A straight run across Hwy 2 takes us into Cobourg and its beautiful waterfront, where we find the plaques describing the founding of Cobourg and the Cobourg and Peterborough Railway. From here the ride is more fun, as we get into the pastoral, emerald hills of Northumberland and ride east to Grafton. North on County Road 22, we pass Ste. Anne’s hedonistic spa, built in 1858. Eddystone Road, nestled in the hills enshrouded in spring’s fresh coat of greenery, curves gently as we enter the tiny hamlet of Eddystone. On our left, the Eddystone Baptist Church, built in 1857, proudly stands against a backdrop of nature.

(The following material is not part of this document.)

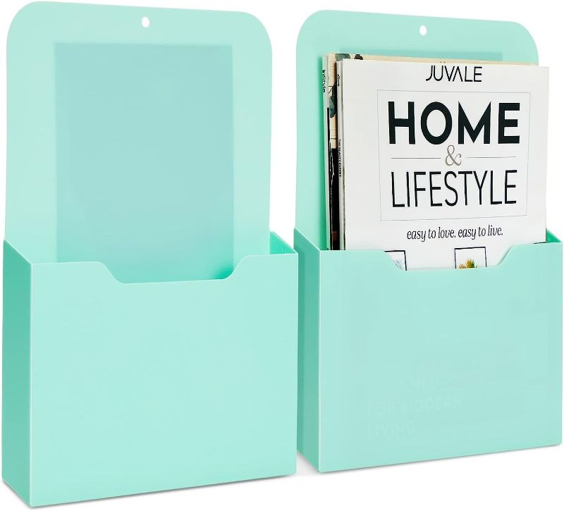 2 Pack Mint Magnetic Wall File Organizer, Storage for Mail, Letters, Paper, Office Supplies (10 x 13 in)

It is truly a miracle that this wooden edifice still stands after so many years. We wind our way through the hilly terrain and sweeping high-speed curves to Castleton, on to Morganston and into Warkworth, past the home of Warkworth Cheese. In the park at the corner of Mill Street and Old Hastings Road stands a blue plaque honouring J. D. Kelly, a renowned Canadian artist who painted many historical scenes of great moments in Canadian history We take a grand and picturesque ride all the way into Campbellford and the Trent River. In 1831, after the Napoleonic War, two Scottish-born brothers, Lieutenant Colonel Robert Campbell and Major David Campbell, were granted 2200 acres of land in Seymour Township.

A settlement was developed at the calmest and shallowest stretch of the river, which became known as Campbell’s Ford. We find the blue plaque in a little parkette just north of Campbellford’s arched bridge, and we take a few minutes to relax at the end of our ride. Ontario’s blue plaques are definitely a great way to map a ride, and who knows what history you might uncover. To find locations of Ontario’s historical blue plaques, go to ontarioplaques.com.